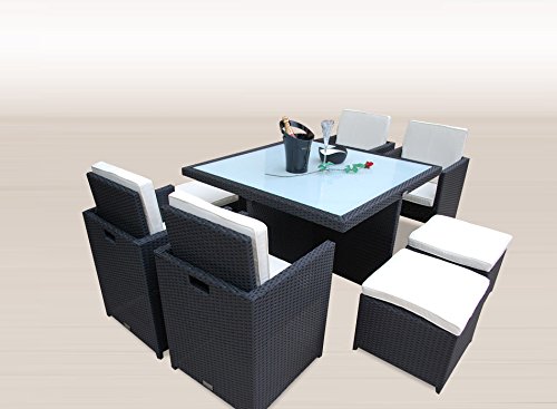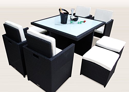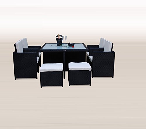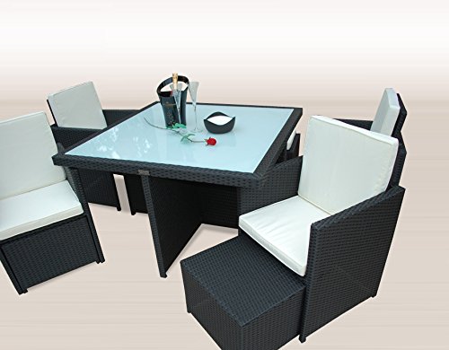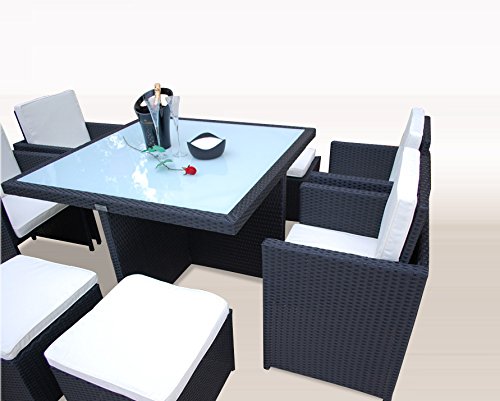– incl. aller abgebildeten Polster und einer Glasplatte aus ESG-Sicherheitsglas welche edel in schwarz Lackiert ist
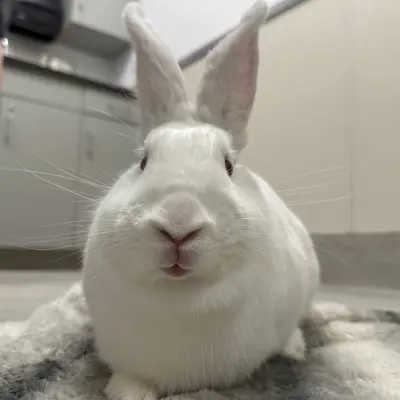 I'm a white American shorthair rabbit.
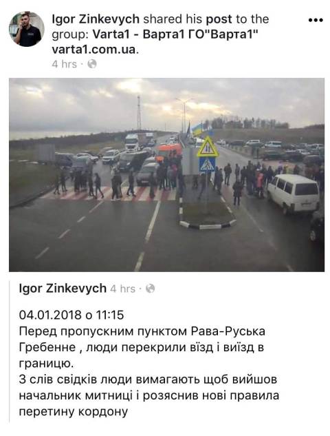 Як повідомив депутат Львівської міської ради Ігор Зінкевич у спільноті "Варта 1", сьогодні, близько 11:00 год. перед пунктом пропуску Рава-Руська–Гребенне громадяни перекрили в'їзд і виїзд.
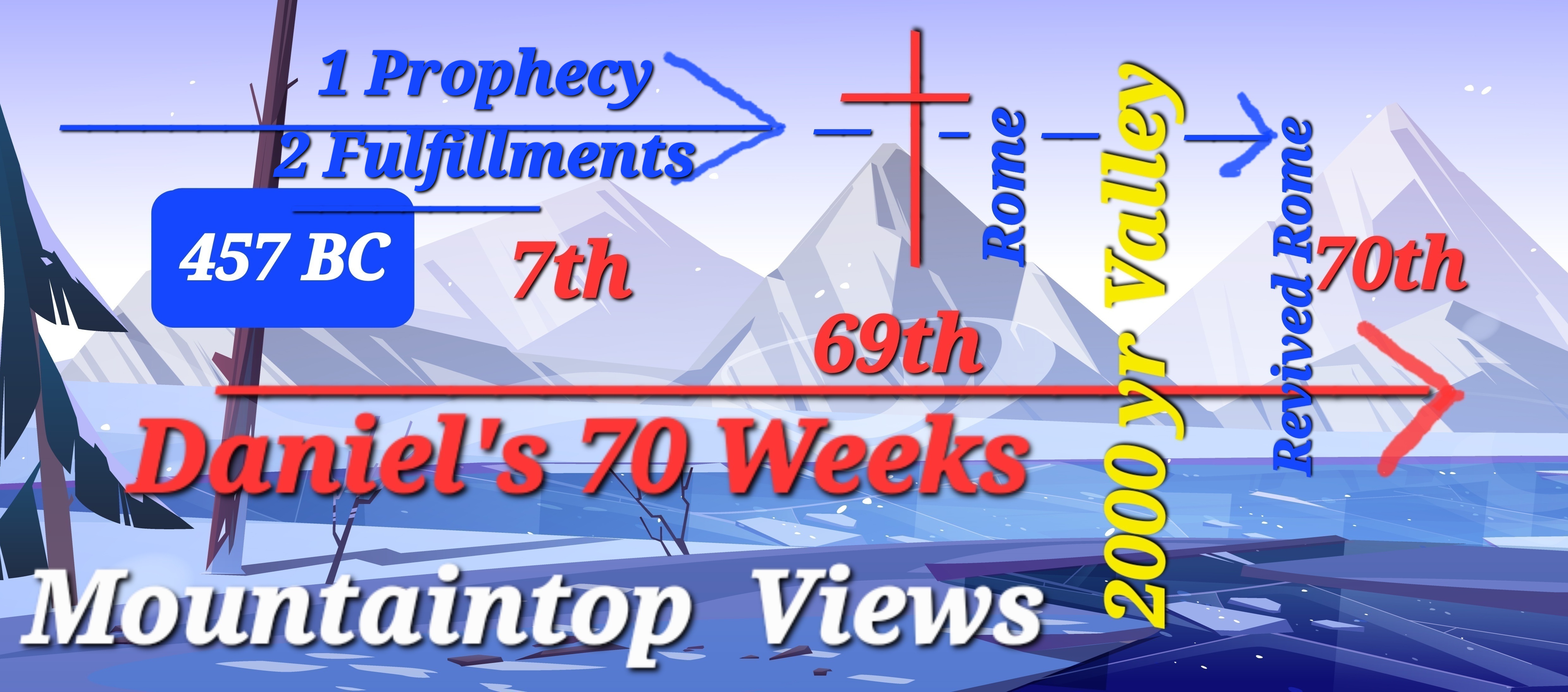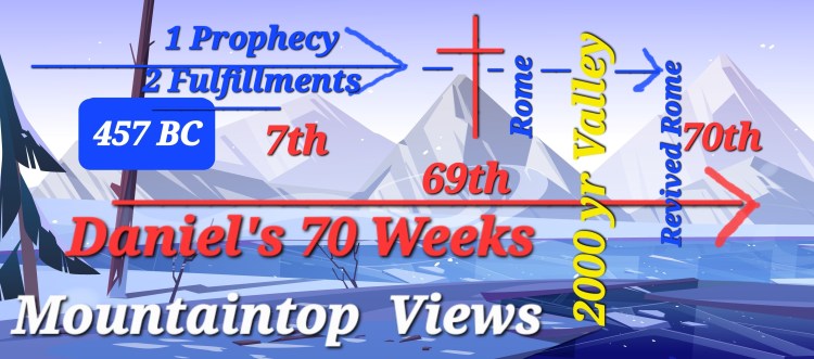 The 2000 year valley of the Gentiles between the ascension of Jesus and the revealing of the Anti-Christ; with the prophet Daniel it was only one thought, one breath, one sigh. In Daniel’s seeing; it is given only one verse. (Daniel 9:26 to Daniel 9:27). Why? Daniel is only seeing the mountain tops concerning Israel! In Daniel’s vision of the “70 Weeks” it was not revealed to him that God was going to add 2000 Gentile years between the 69th week and the 70th week because of Israel rejecting Christ, their Messiah and King. And yet here we are, able at the end of those 2000 years to see clearly what was in the valley!

Task directions: Your answer must be an exact copy of the listing, minus its pictures.

Exercise result:
– incl. aller abgebildeten Polster und einer Glasplatte aus ESG-Sicherheitsglas welche edel in schwarz Lackiert ist
 I'm a white American shorthair rabbit.
 Як повідомив депутат Львівської міської ради Ігор Зінкевич у спільноті "Варта 1", сьогодні, близько 11:00 год. перед пунктом пропуску Рава-Руська–Гребенне громадяни перекрили в'їзд і виїзд.
 The 2000 year valley of the Gentiles between the ascension of Jesus and the revealing of the Anti-Christ; with the prophet Daniel it was only one thought, one breath, one sigh. In Daniel’s seeing; it is given only one verse. (Daniel 9:26 to Daniel 9:27). Why? Daniel is only seeing the mountain tops concerning Israel! In Daniel’s vision of the “70 Weeks” it was not revealed to him that God was going to add 2000 Gentile years between the 69th week and the 70th week because of Israel rejecting Christ, their Messiah and King. And yet here we are, able at the end of those 2000 years to see clearly what was in the valley!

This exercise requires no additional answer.